Organised Crime/ Petty Organised Crime: organised crime means and includes kidnapping, extortion, contract killing, land grabbing, financial scams, and cybercrime, carried out by use of violence, intimidation, or other unlawful means, to obtain material or financial benefit, and carried out by individuals acting singly or jointly, as members of or on behalf of a crime syndicate. Attempting or committing organised crime will be punishable. Petty organised crimes are those crimes which cause general feelings of insecurity among citizens, and are committed by organised criminal groups/gangs. These include organised pick pocketing, snatching, and theft.

Caste or race based murder by group of people: The Bill says that people who kill five or more people for certain reasons will get a different punishment. Some of these are race, group, gender, place of birth, language, and religion. Each person who breaks the law will get between seven years and life in jail, or even death.

Sexual intercourse by deceitful means: The Bill makes it illegal to have sexual relations with a woman (that don't amount to rape) by tricking her or making a fake promise to marry her. It will be punished by a fine and a simple or harsh jail sentence of up to 10 years.

Bharatiya Sakshya Bill, 2023

Widens the scope of secondary evidences: The previous Act did not permit the use of e-evidences to the same extent. The scope of secondary evidence will also be expanded as a result of this bill, since it will now include evidences in electronic form as well as copies (soft copy) created of such evidences.

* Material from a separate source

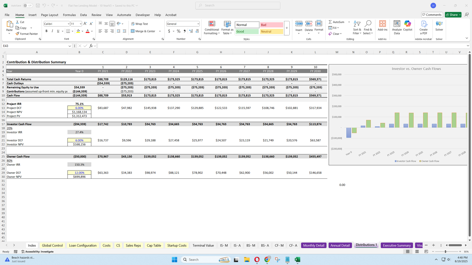- Models equity contributions from investors and owners, with customizable ownership percentages.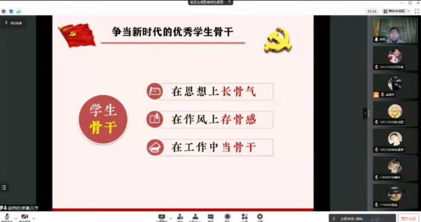俞特回望历史、立足现实向大家讲解了何为新时代下的优秀学生骨干。他向大家分享了新时代下的优秀学生干部应具备的三点重要品质:第一,在思想上长骨气,不要轻易向生活中的困难妥协,要有自我的信仰;第二,在作风上存骨感,要养成良好作风,作风端正,为人才能端正;第三,在工作中当骨干,以认真的态度对待工作,具有责任感、团队意识和集体意识,不马虎、不糊弄,高质量地把工作做好。此外,俞特他还针对大三同学的实际需求,介绍了自身在校学习、报考选调生等相关经验。

More understanding of mental disease: In the paragraph that was just described, the word "lunatic" has been changed to "person suffering from mental illnesses." This should make it easier for others to understand. This is definitely a step forward in the development of civilisation. It has been a taboo subject in India for such a significant amount of time.

The introduction of new criminal laws has taken everyone by surprise, but it was a much-needed change. Even after 77 years of freedom, we were still using the colonial-era laws, which were made in favour of British rulers. But there are many grey areas in the new law that need better interpretation; otherwise, they can be misused easily.

For instance, under Section 187 of the BNSS, the maximum period for which the accused can be kept in police custody is increased, which will make the accused vulnerable and put them at the mercy of police officers. Marital rape has not been included in the new law; Section 377 of the IPC is removed, which penalised non-consensual intercourse among same-sex persons, as they are not protected under rape provisions as rape only states non-consensual intercourse with women by men.